Sulla storia c'è poco da dire, la trama gialla m'è parsa più forte e vera dell'ultima che ho letto, ma altrettanto spalmata su un romanzo che vorrebbe dire altro e di più di quello che appare a prima vista. La Sicilia appunto, e la durezza e la meraviglia del vivere da quelle parti.

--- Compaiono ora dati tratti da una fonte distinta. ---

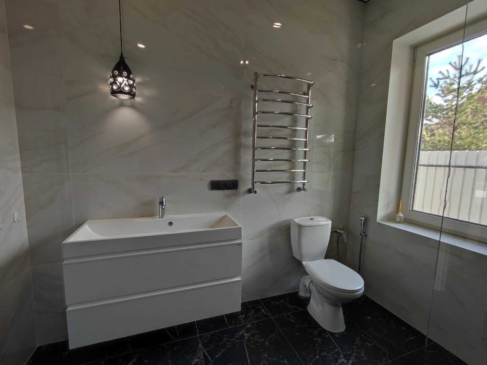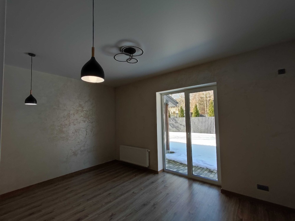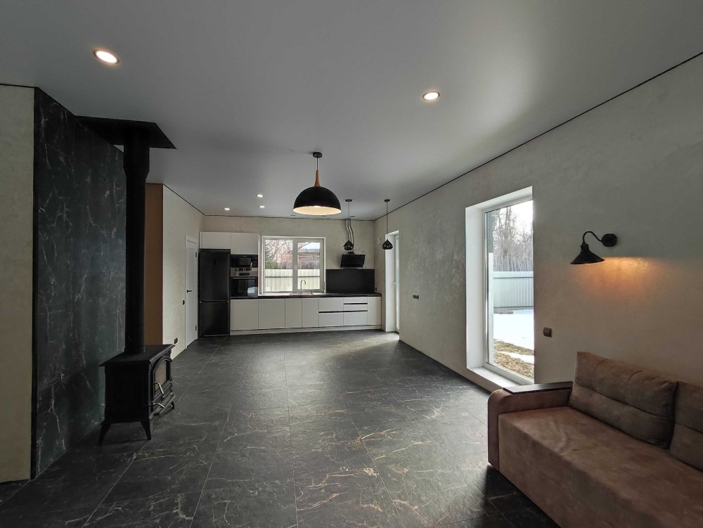 Планування: 3 житлові кімнати, велика кухня-вітальня, 2 санвузли (1-й гостьовий, 2-й душова кабіна та місце під ванну), технічне приміщення, кладова, коридор.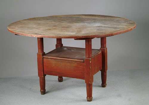 TWO PART ROUND CHAIR TABLE IN RED PAINT WITH SCRUB TOP. Four board top has nice weathered surface. Base has lift top compartment with turned legs and turned arms. SIZE: Top is 49-1/2” dia. x 29” h. CONDITION: Generally very good. 9-97998 (2,000-4,000)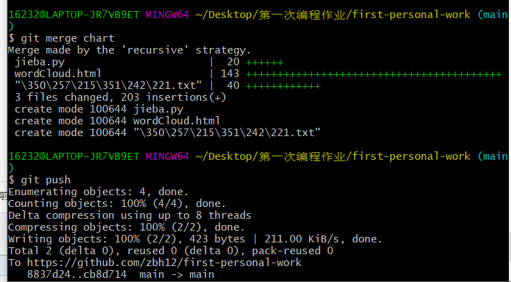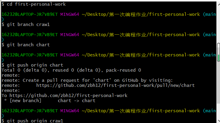 | 作业源代码 | https://github.com/zbh12/first-personal-work |
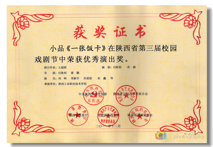 12月8日晚,由陕西省委宣传部、省文联、省教育厅等多家单位主办的陕西省第三届校园戏剧节颁奖晚会在西安举行,来自全省30余所参演院校的相关负责人、学生代表等千余人出席了颁奖活动。本届艺术节共评出4个优秀剧本奖、7个优秀剧目奖、7个优秀演出奖。我院选送的小品《一顿午餐》和《一张饭卡》分别获得优秀表演奖和优秀剧目奖,我院同时获得优秀组织奖。党委副书记王天哲、学工部部长王超联等出席了颁奖晚会,小品《一张饭卡》还参加了闭幕式优秀剧目展演。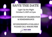 Next Door Solutions to Domestic Violence Celebrates 46 years with Light Up the Night.Light Up the Night is an evening of celebration and remembrance for those who have overcome or fallen to domestic violence.Next Door Solutions, which offers support, shelter and self-sufficiency services for victims of domestic violence and their children, will be holding Light Up the Night, an open house to showcase its services and share a survivor’s account of how the organization has affected her life. The evening will conclude with a candle ¬lighting ceremony.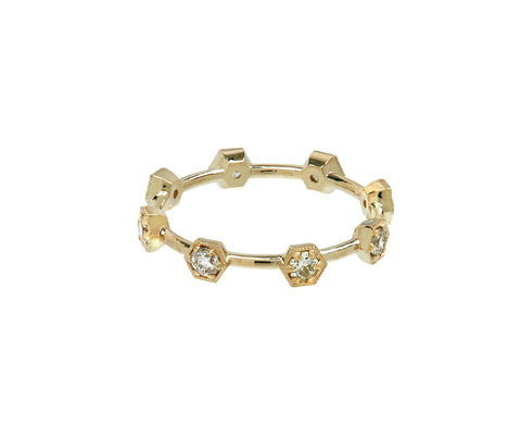 With its delicate design and modern sophistication, this Ila band makes an excellent wedding ring for someone with a slightly edgy sense of style. Each diamond is set in a 14K yellow gold hex setting and spaced along the thin 14K yellow gold band. Wear it alone or stacked.
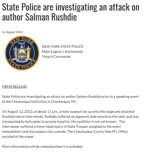 In a press release, the New York State police said they are investigating the attack against Salman Rushdie at the Chautauqua Institution in Chautauqua, NY.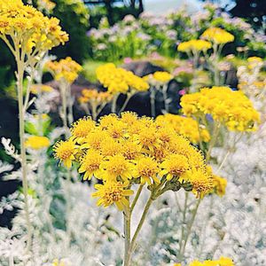 シロタエギクが花を咲かせました。初めて見た! 菊というからには咲くんだとは思ってたけど、なんかでっかい母子草みたいな花ですね⎛◍・̄ധ・̄◍⎞
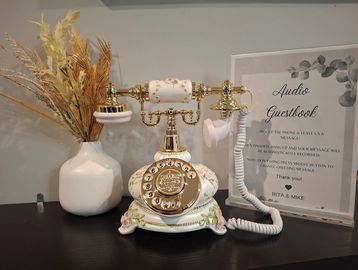 Capture memories in style with our Vintage Audio Guestbook (Vintage Phone, Vintage typewriter & Vintage Vinyl Player). This unique products allows guests to leave heartfelt messages and well-wishes at your event. Perfect for weddings and special occasions.

Primo Levi - Il sistema periodico
"… "Il sistema periodico" vuole essere in primo luogo polemico verso una cultura accademica e umanistica che esclude la possibilità di interpretare la scienza, la materia, l'esperienza concreta in termini poetici." (Primo Levi, estratto da un 'intervista su Rosalucsemblog)
Mi ero ripromesso già da tempo di leggere di racconti di Primo Levi. Me ne avevano parlato bene in tanti, ma per un motivo o per l'altro continuavo a rimandare. Il problema probabilmente stava nell'identificare Primo Levi con l'esperienza del Lager, nel non riuscire a vederlo come persona piena, completa, con una vita che andasse oltre quell'anno trascorso ad Auschwitz. In breve, nel non voler trasformare il simbolo in persona, il testimone in semplice scrittore.
Ora che ho letto Il sistema periodico posso dire che Primo Levi era un ottimo autore, capace di coniugare mirabilmente l'esperienza con la scrittura, la biografia con l'invenzione, mantenendo ben salda la barra della concretezza, legandosi ben saldo alla terra (che vuol dire chimica e lavoro e chiarezza d'espressione e d'intenti) piuttosto che agli spazi eterei dell'arte e dello spirito tanto cari alla massa imbelle degli scrittori nostrani. Doveva essere una persona interessante Primo Levi, ed è una fortuna poterlo ri-conoscere attraverso i suoi libri.


01 giugno 2010

Nova Swing


Copertina dal blog di Urania.
Qualche giorno fa si discuteva della fantascienza di Michael John Harrison.
Ora che Nova Swing sta per arrivare in edicola non posso esimermi dal segnalarlo a tutti i lettori del blog.
Non so se la mia reazione a questo romanzo sarà migliore di quella, negativa, che è seguita alla lettura di Luce dell'universo. Di sicuro la fantascienza di Harrison è decisamente diversa da quella che i lettori di Urania sono abituati a leggere.
Voi dategli una possibilità, che poi magari se ne riparla.

Trattandosi di Urania un'avvertimento è obbligatorio: se volete leggere questo romanzo procuratevelo in fretta, che tra un mese sparisce.